Parigi-Roubaix 2026: Mathieu, Tadej e altri otto
La voglia di poker di Mathieu van der Poel; il desiderio di Tadej Pogačar di vincere l’unica grande gara che gli manca; il sogno di Filippo Ganna e Mads Pedersen di conquistare la prima Monumento in carriera.
Questi sono solo alcuni dei motivi di interesse dell’edizione numero 123 della Parigi-Roubaix, che ci farà compagnia domenica 12 aprile e che porterà i corridori da Compiègne (a nord di Parigi) al velodromo di Roubaix dopo 258.3 km infarciti di 30 settori di pavé.
I 10 atleti più attesi
Tadej Pogačar (UAE Team Emirates XRG)
Trionfatore quest’anno a Strade Bianche, Milano-Sanremo e Giro delle Fiandre, lo sloveno è alla seconda presenza nella Regina delle Classiche e spera di migliorare il secondo posto del 2025.

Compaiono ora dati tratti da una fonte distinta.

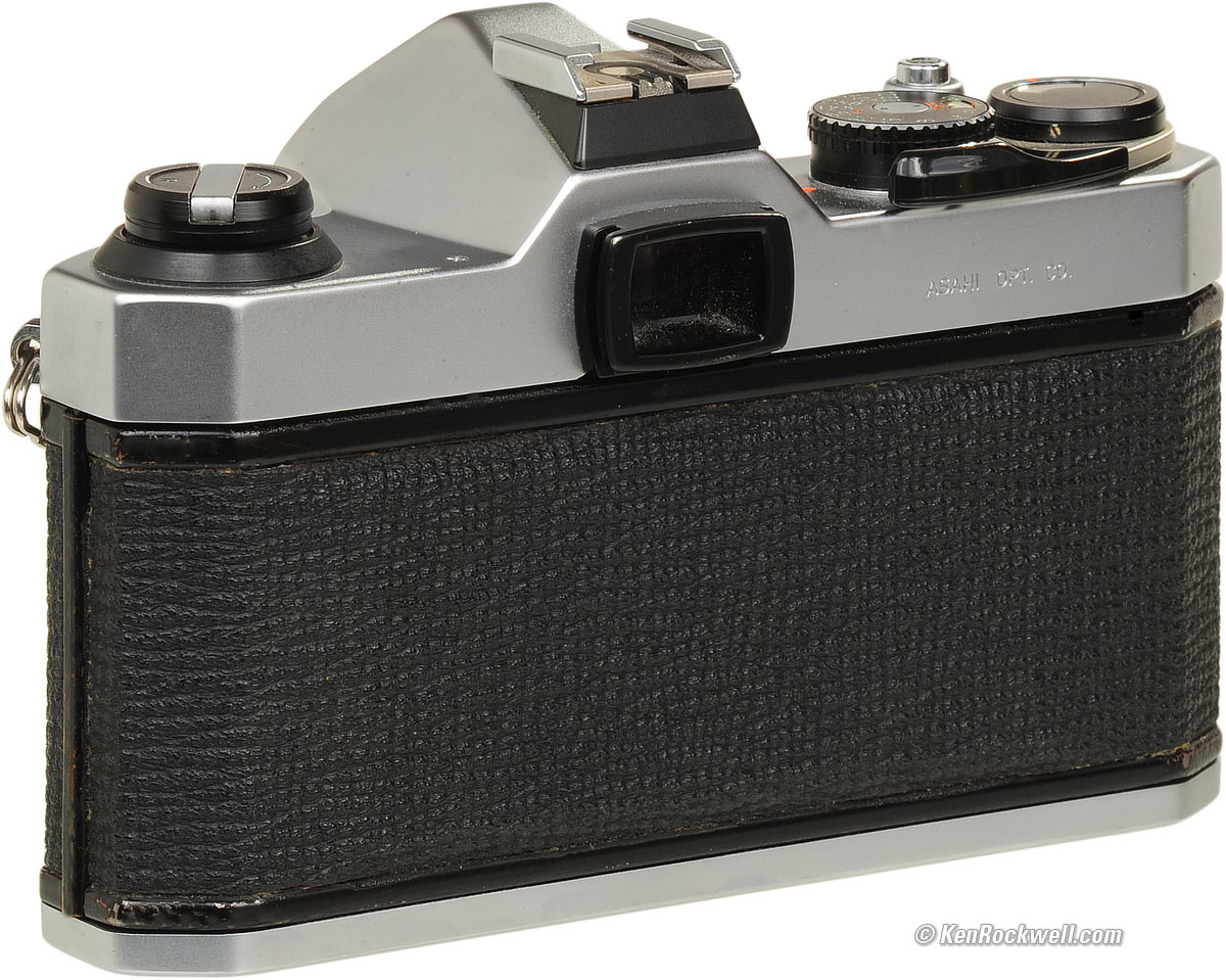 Compared top Intro Specs Performance Compared Usage Recommendations The Canon AE-1 Program is another favorite of mine. It requires a bigger and less common 6V 544 (4LR44) battery to operate and is more plasticy, but has a much more reliable exposure meter and fully automatic exposure. The K1000 and AE-1 Program are amateur cameras, while the Nikon FM, Nikon FE, FE2, FM2 and FM3a are professional-level cameras. The Canon and Pentax of this era are not as tough, while these Nikons can cheerfully take a beating and keep on shooting. The K1000 is simplicity incarnate, the AE-1 Program adds a better meter and automation, while the Nikon FE is as simple, while built much tougher with a far more accurate meter. Want simple for the lowest price? Get a K1000 for $60 complete with lens. Want automatic exposure and a better meter, but with a little more complexity and harder to find battery? Get a Canon AE-1 Program. Want professional toughness and metering, but for more money? Get a Nikon. The K1000 never asks you to move or think about a power switch, while the Canon and Nikon do. It's much faster and easier to set the K1000's manual exposure than to play with other camera's menus. It's much faster to turn the big focus ring than to dick with other camera's autofocus settings, and no matter what you do, the K1000 always fires when you press the shutter.

Mathieu van der Poel (Alpecin-Deceuninck)
Terzo nel 2021, quando si impose Sonny Colbrelli, più bravo di tutti nelle ultime tre edizioni: il neerlandese vuole diventare il primo uomo a centrare il quarto successo di fila nell’Inferno del Nord.
Mads Pedersen (Lidl-Trek)
Quarto nel 2023 e terzo nelle due stagioni successive, il danese insegue il primo trionfo in una Monumento.
Wout van Aert (Team Visma | Lease a Bike)
Secondo nel 2022, terzo nel 2023, quarto nel 2025: il belga sulle pietre francesi si fa valere.
Jasper Philipsen (Alpecin-Deceuninck)
Secondo tanto nel 2023 che nel 2024, il belga non può essere snobbato.
Filippo Ganna (INEOS Grenadiers)
Galvanizzato dalla vittoria nella Dwars door Vlaanderen, l’italiano, che nella Parigi-Roubaix 2023 è stato sesto, ha le qualità per aggiudicarsi la prima Monumento.
John Degenkolb (Team Picnic PostNL)
Secondo nel 2014, primo nel 2015, settimo nel 2023: il tedesco si adatta benissimo al ciottolato transalpino.
Biniam Girmay (NSN Cycling Team)
Quindicesimo l’anno scorso al debutto, l’eritreo non ha molto da perdere,
Matthew Brennan (Team Visma | Lease a Bike)
Alla seconda partecipazione, il britannico potrebbe essere una delle sorprese.
Jonathan Milan (Lidl-Trek)
Nelle prime quattro esperienze ha collezionato tre ritiri e un 101esimo posto: nonostante questo, pensiamo che il velocista italiano abbia le caratteristiche giuste per la Roubaix.